== What to do ==
The data is to be repeated exactly, with the images removed.

——

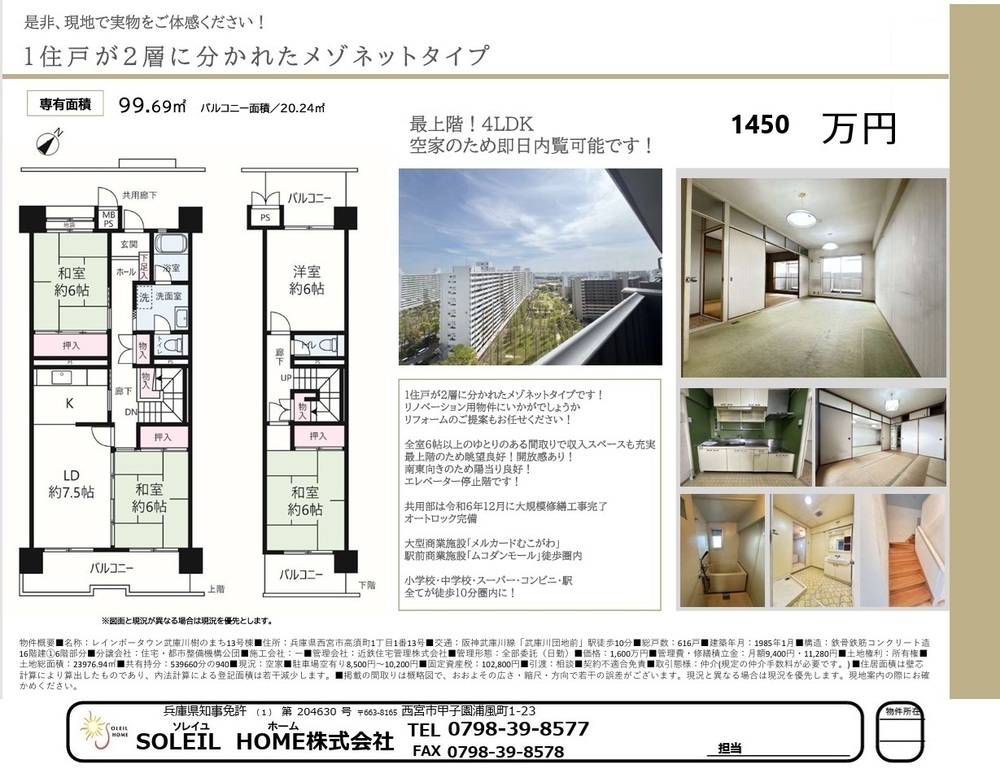 1450万円 レインボータウン武庫川樹のまち13号棟
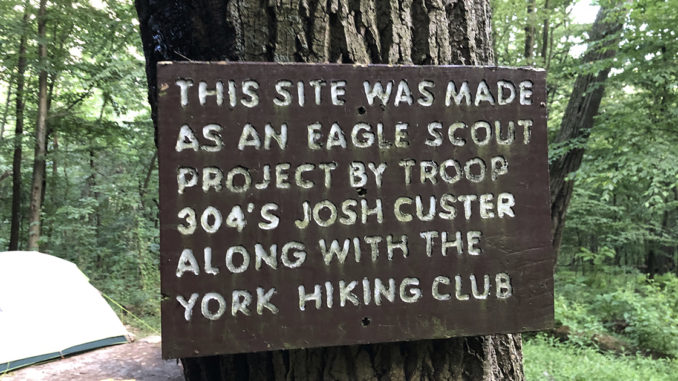 The modest wooden marker, a little faded by its years outside, read: “This site was made as an Eagle Scout project.” It listed the Eagle Scout’s name (Josh Custer) and the project beneficiary (the York Hiking Club in Pennsylvania).
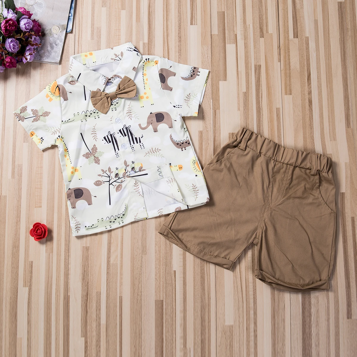 PudcocoОдежда для маленьких мальчиков футболка с короткими рукавами и принты животных из мультфильмов топы и укороченные штаны комплект из 2 предметов одежда из хлопка
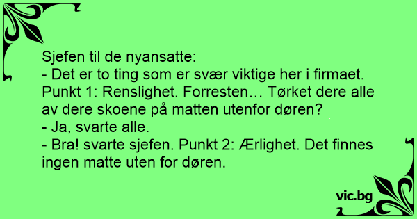 - Det er to ting som er svær viktige her i firmaet. Punkt 1: Renslighet. Forresten… Tørket dere alle av dere skoene på matten utenfor døren?
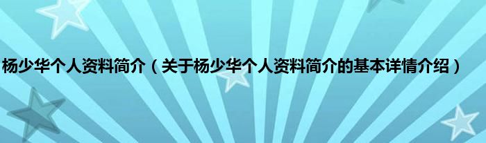 本文关于杨少华个人资料简介的基本详情介绍就讲解完毕,希望对大家有所帮助。

——

== Reply to the task ==
 1450万円 レインボータウン武庫川樹のまち13号棟
 The modest wooden marker, a little faded by its years outside, read: “This site was made as an Eagle Scout project.” It listed the Eagle Scout’s name (Josh Custer) and the project beneficiary (the York Hiking Club in Pennsylvania).
 PudcocoОдежда для маленьких мальчиков футболка с короткими рукавами и принты животных из мультфильмов топы и укороченные штаны комплект из 2 предметов одежда из хлопка
 - Det er to ting som er svær viktige her i firmaet. Punkt 1: Renslighet. Forresten… Tørket dere alle av dere skoene på matten utenfor døren?
 本文关于杨少华个人资料简介的基本详情介绍就讲解完毕,希望对大家有所帮助。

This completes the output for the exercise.